Януш снова вернулся к своему соседу. Это был мужчина с длинной бородой, в которой копошились вши, в давно утратившей цвет вязаной шапке. Между шапкой и бородой проглядывала дубленная ветром и холодом кожа в прожилках кровеносных сосудов. Выступающие лиловые вены прочерчивали его физиономию как ручьи, берущие начало в одном и том же источнике — алкоголе. Януш при всем желании не смог бы его описать — его лицо не представляло собой целостности, но состояло из какой-то мешанины перебитых костей, синяков, заскорузлых корок грязи и шрамов.

— Чё ты на меня уставился?

Януш протянул мужчине пластиковый бочонок. Тот молча схватил его, зубами открыл краник и надолго присосался к горлышку. Потом перевел дух и, довольный, засмеялся. Теперь он смотрел на новенького с чуть большим интересом, подогретым выпивкой, по всей видимости решая для себя вопрос, кто он такой. Опасен или нет? Нарик? Псих? Педик? Только что с зоны?

Януш не шевелился. В эти несколько секунд он сдавал важный экзамен. Он был грязен, небрит, нечесан, но у него не имелось при себе ни сумки с барахлом, ни переносного дома в виде коробки. А главное, руки и лицо у него оставались слишком гладкими, чтобы обмануть бывалого бомжа.

— Как тебя звать-то?

— Виктор.

Он взял бочонок и сделал вид, что пьет. От одного запаха бормотухи его снова затошнило.

— А я Бернар. Ты откуда?

— Из Бордо, — не подумав, ляпнул Януш.

— А я с севера. Тут почти все с севера. Если уж живешь на улице, то на солнышке оно как-то сподручней…

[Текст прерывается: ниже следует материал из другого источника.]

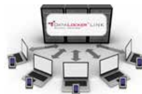
Compatible with DL Configurator to manage multiple devices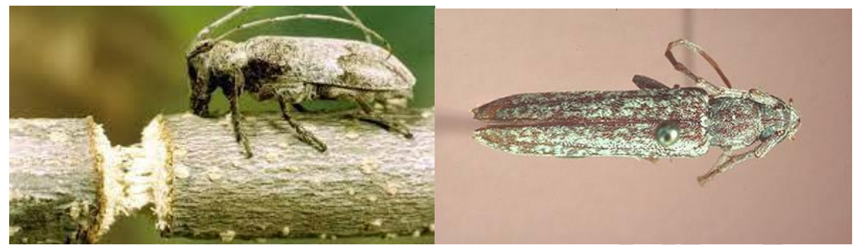
Fig 18Persimmon clearwing borer (Sanninauroceriformis Walker)

oviposition, which may eventually fall to the ground. The beetle may spread the wilt illness Cephalosporiumdiospyri in this way. Twigs that are infested need to be collected and removed[51].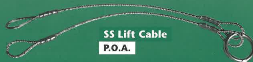
SS Lift Cable P.O.A.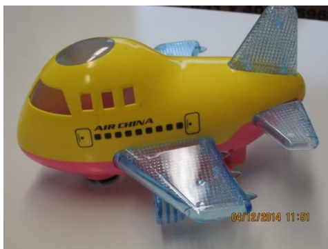
Air craft cool toys No. 198A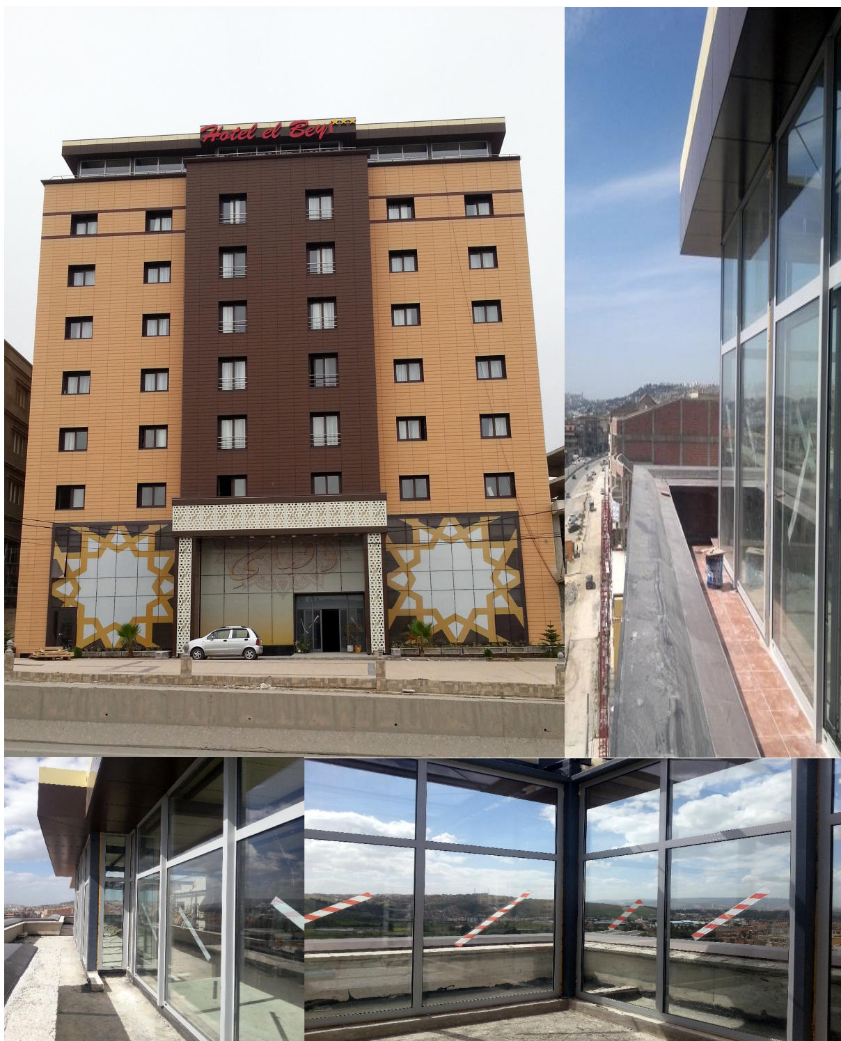
HOTEL Algeria 2014-2015

ul. Domaniówka 1 C, 25-413 Kielce, POLAND ul. Warszawska 49 / 44, 25-531 Kielce, POLAND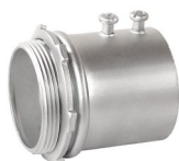
Set-screw Connector (Indoor)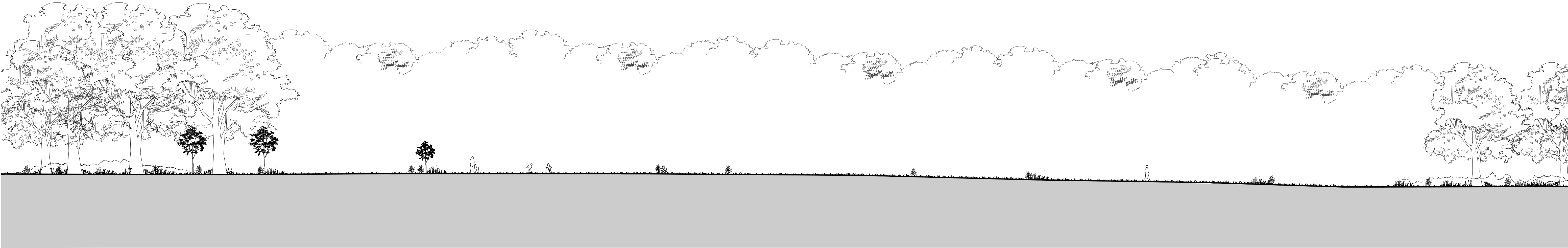
EXISTING SITE SECTION A-A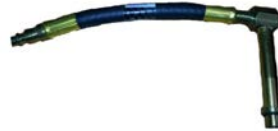
Part # BMW10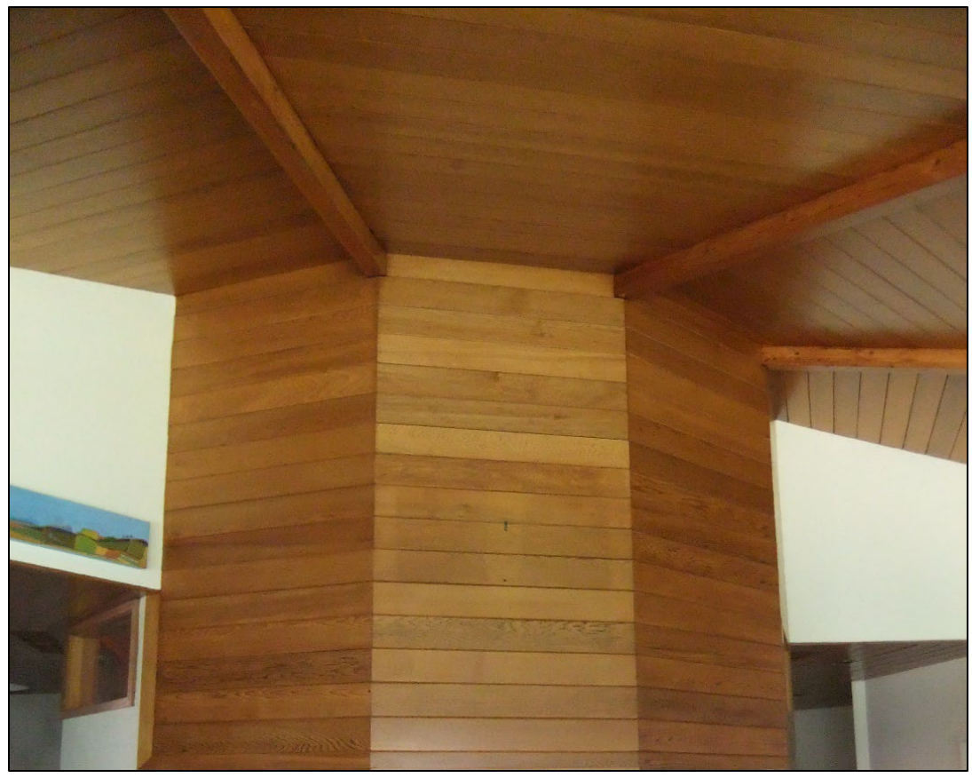
Image 15: Image of the stained cedar ceiling, radiating from the center of the building.

Януш понял. Марсель для бомжей был чем-то вроде Катманду — конечной остановкой, местом назначения. Не то чтобы они надеялись обрести здесь другую жизнь, нет… Но хотя бы спастись от слишком суровой зимы. Правда, пока что даже эти надежды не оправдывались. На улице было около нуля градусов. Януш, в не до конца просохшей от вина и рвоты одежде, стучал зубами от холода. Он уже открыл рот, собираясь задать новому знакомому очередной вопрос, когда вдруг почувствовал у себя между ног какое-то шевеление. Рефлекторно сунул туда руку и тут же отдернул ее. Укусившая его крыса удирала со всех ног.

Бернар расхохотался:

— Тудыть твою налево! Цапнула, зараза! Их тут в Марселе до хрена. Друганы наши.

Он снова потянулся к вину и влил в себя щедрую порцию пойла за здоровье миллионов марсельских крыс. Утер рот рукавом и погрузился в молчание.

Януш забросил первый пробный шар:

— Мы с тобой уже встречались?

— Почем мне знать? Ты в Марселе сколько?

— Только что приехал. Но я был тут на Рождество.

Бернар ничего не ответил. Он следил за прохожими. Как только хоть кто-то осмеливался появиться под аркой, он тут же начинал дергать ногой свою жестянку — судя по всему, у него этот жест превратился в рефлекс. Над сводами арки поднимался день, и шум, доносившийся из порта, делался все слышнее.

— А бомжуешь давно? — поинтересовался Бернар.

— С год, — с ходу сочинил Януш. — Работу потерял, а новую фиг найдешь…

— Дак это у всех так, — без тени сочувствия хмыкнул Бернар.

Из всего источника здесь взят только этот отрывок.